# Anyone own a Hudson (electric version)?



## Steve Stockham (Jan 2, 2008)

The reason I'm asking this is that one of our WAGRS club members, Richard Nelson, wanted to add one to his roster to complement his live steamer. He asked me if I knew of anyone that had one and if there were any "issues." He also wanted to know about MTH trains, where to get them in this area (central Kansas) etc... I thought that I'd open it up to you guys here on MLS! Any help would be greatly appreciated!!


----------



## Greg Elmassian (Jan 3, 2008)

MTH or USAT Hudson? 

Greg


----------



## ralphbrades (Jan 3, 2008)

Technically speaking a "Hudson", (or *"Baltic"* as we say in the UK), layout does have problems with its symmetrical design. The 4-6-4 layout can be prone to yawing on straights but this does make it far more flexible when it comes to cornering. Wheel slip on a "Baltic" was always a problem....

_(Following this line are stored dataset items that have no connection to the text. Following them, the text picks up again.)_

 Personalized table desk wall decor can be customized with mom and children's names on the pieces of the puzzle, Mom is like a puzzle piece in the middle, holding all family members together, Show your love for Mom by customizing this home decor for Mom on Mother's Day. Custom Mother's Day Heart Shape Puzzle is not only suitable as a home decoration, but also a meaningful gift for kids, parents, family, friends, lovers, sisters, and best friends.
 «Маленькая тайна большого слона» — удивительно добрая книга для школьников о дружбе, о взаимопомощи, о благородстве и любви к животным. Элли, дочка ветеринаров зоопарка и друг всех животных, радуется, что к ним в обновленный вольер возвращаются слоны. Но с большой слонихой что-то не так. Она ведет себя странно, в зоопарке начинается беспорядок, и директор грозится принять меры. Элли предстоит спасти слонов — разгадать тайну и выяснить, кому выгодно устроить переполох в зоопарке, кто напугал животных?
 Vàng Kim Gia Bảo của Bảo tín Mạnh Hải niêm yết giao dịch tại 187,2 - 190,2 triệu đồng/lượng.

In the UK, the express "Brighton Baltics" were famous, but the "Baltic" layout was only rarely used by other UK railway companies, and was normally a tank loco. Typically the "Baltics" excelled where the track work was very curvy such as the mountainous Furness Railway and the twisty Tilbury Dock Railway. 

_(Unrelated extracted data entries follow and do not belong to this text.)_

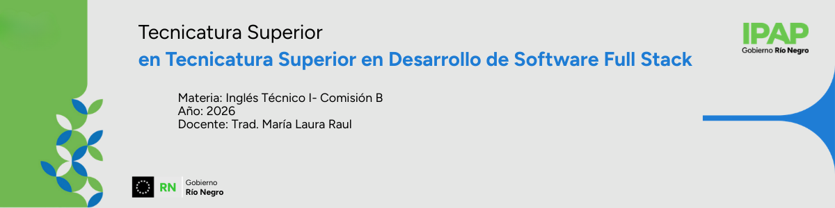 Mi nombre es María Laura, soy Traductora de Inglés. En este curso vamos a trabajar sobre los textos, la terminología, los conceptos, las cuestiones que atañen al texto técnico. Por otro lado, también apunta a adquirir nociones básicas del lenguaje, tanto oral como escrito, posibilitando el acceso a bibliografía en inglés específica para el desarrollo de software, logrando autonomía en la lectura e interpretación de textos técnicos. Por lo que en esta materia van a tener que investigar, utilizar herramientas de búsqueda, y elaborar glosarios.
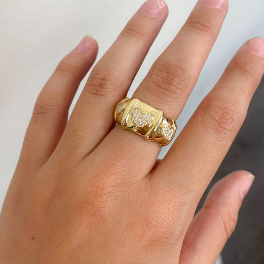 14K Gold Diamond Pavé Heart Past Present Future Ring
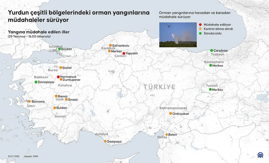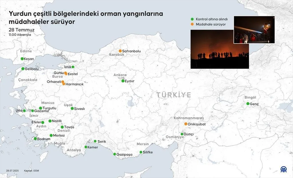 Tarım ve Orman Bakanlığı Orman Genel Müdürlüğü (OGM) verilerine göre, Türkiye genelinde pek çok ilde çıkan orman yangınlarına havadan ve karadan müdahaleler devam ediyor. Yangınların bazıları kontrol altına alınırken, bazı bölgelerde söndürme çalışmaları sürüyor.

Only Sir Vincent Raven conquered the symmetrical problem of a "Baltic" in his NER EE-1 design. He mechanically locked the trailing bogie for traveling on the straights and unlocked the bogie when cornering. The LMS did contemplate a "Baltic" Express design with locking bogies prior to WW2, (the NER patent had expired), but nothing came of it.


regards

ralph


----------



## Jerry Barnes (Jan 2, 2008)

I think Jim Carter has one.


----------



## Nicholas Savatgy (Dec 17, 2008)

What Manufacture is he looking for ?


----------



## Steve Stockham (Jan 2, 2008)

I think he's preferring MTH but info on the USAT Hudson would be helpful as well.


----------



## pimanjc (Jan 2, 2008)

I have an ACC K-4. David Mclain of the WAGRS club in Wichita, had a Hudson, with protosound and smoke.
JimC.


----------



## TonyLou (Sep 3, 2009)

My best friend, Gary, had one Hudson by USAT which is in electric power. Not steam power.

I have a picture as below


----------



## jmill24 (Jan 11, 2008)

I got one about two months ago and it runs real smooth and quiet, nice detail two. Presently it is under my Xmas tree runninig on 6.5 foot diameter curves with no problem. Great all around loco. Below is a link to Raymond Manleys site which is mostly about MTH equipment. Some good pics and vids are there to...............Jim

http://www.rayman4449.dynip.com/MTH_Hudson.htm


----------